The rally, which drew an estimated crowd of 1,100 students, parents and school officials — plus WNBA superstar Lisa Leslie — was held in conjunction with National School Choice Week, which began on Sunday and will run through this coming Sunday.
Held each year to draw attention to the push to give parents options beyond traditional public schools, this year’s rally was more of a celebration than a clarion call.
Indeed, a disc jockey actually played the ubiquitous happy times song, “Celebration” by Kool and the Gang, as the students and adults waved pro-school-choice signs.
“I think we’ve seen with the charter schools amendment’s passage that we’ve laid a great foundation,” said Matt Arkin, head of the Georgia Cyber Academy, a public online school. “But that’s all it is — a foundation. The results were great, but we saw the institutional resistance to providing more options.”
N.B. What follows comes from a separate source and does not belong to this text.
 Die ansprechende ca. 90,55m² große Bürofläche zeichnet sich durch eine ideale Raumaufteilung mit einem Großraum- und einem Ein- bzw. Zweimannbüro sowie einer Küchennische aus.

Traditional public schools came in for a heavy dose of criticism during the rally, with speakers saying the system has performed poorly.
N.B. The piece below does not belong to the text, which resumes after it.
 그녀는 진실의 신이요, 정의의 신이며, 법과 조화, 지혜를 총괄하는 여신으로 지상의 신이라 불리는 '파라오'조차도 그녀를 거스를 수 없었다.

“The graduation rate is 69 percent,” said RaShaun Holliman, a manager with the Center for an Educated Georgia, a research group that supports alternatives to traditional public schools. “That’s not acceptable, right? Until our graduation rate is close to 100 percent, we’re going to be coming out here no matter what the temperature is — even if it rains!”
After posing for pictures with some in the crowd, Leslie recounted her struggles with standardized tests after attending public school in Los Angeles.
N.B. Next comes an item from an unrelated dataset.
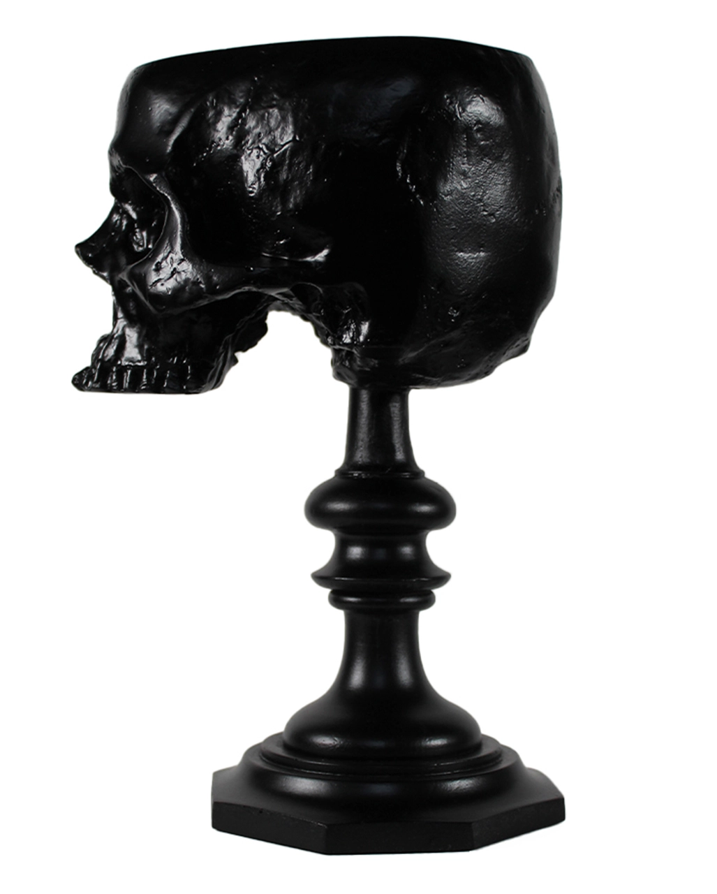 - Schwarzer Skull aus Gips auf Sockel aus Polyresin

“By the time it was time for me to take my standardized tests, I realized I wasn’t prepared,” she said. “When you’re doing your best, when that’s not enough, someone should have to answer for that. We have to do something different.”
Tony Lowden, a Macon pastor and a member of the new State Charter Schools Commission, took his own pound of flesh from the traditional public school system.
“This state is too great to have failing schools across this state,” he said. “We won’t rest until every school in Georgia is performing at a high level.”
Verdalia Turner, president of the Georgia Federation of Teachers, said school choice groups are participating in a campaign to demonize traditional public schools to justify using public money on alternatives.
“I have to give them an ‘A’ for orchestration, but I’ll give them an ‘F’ in ethics and telling the truth,” Turner said. “It’s just a campaign, and the public is being played.”
Renee Lord of Stratham, who has a seventh-grader in private school and a fourth-grader at the Georgia Cyber Academy, said the state is beginning to embrace more choices.
“All children need the opportunity to attend a school that best fits their needs,” Lord said. “The needs of children are so diverse that having more options allows parents to make more choices.”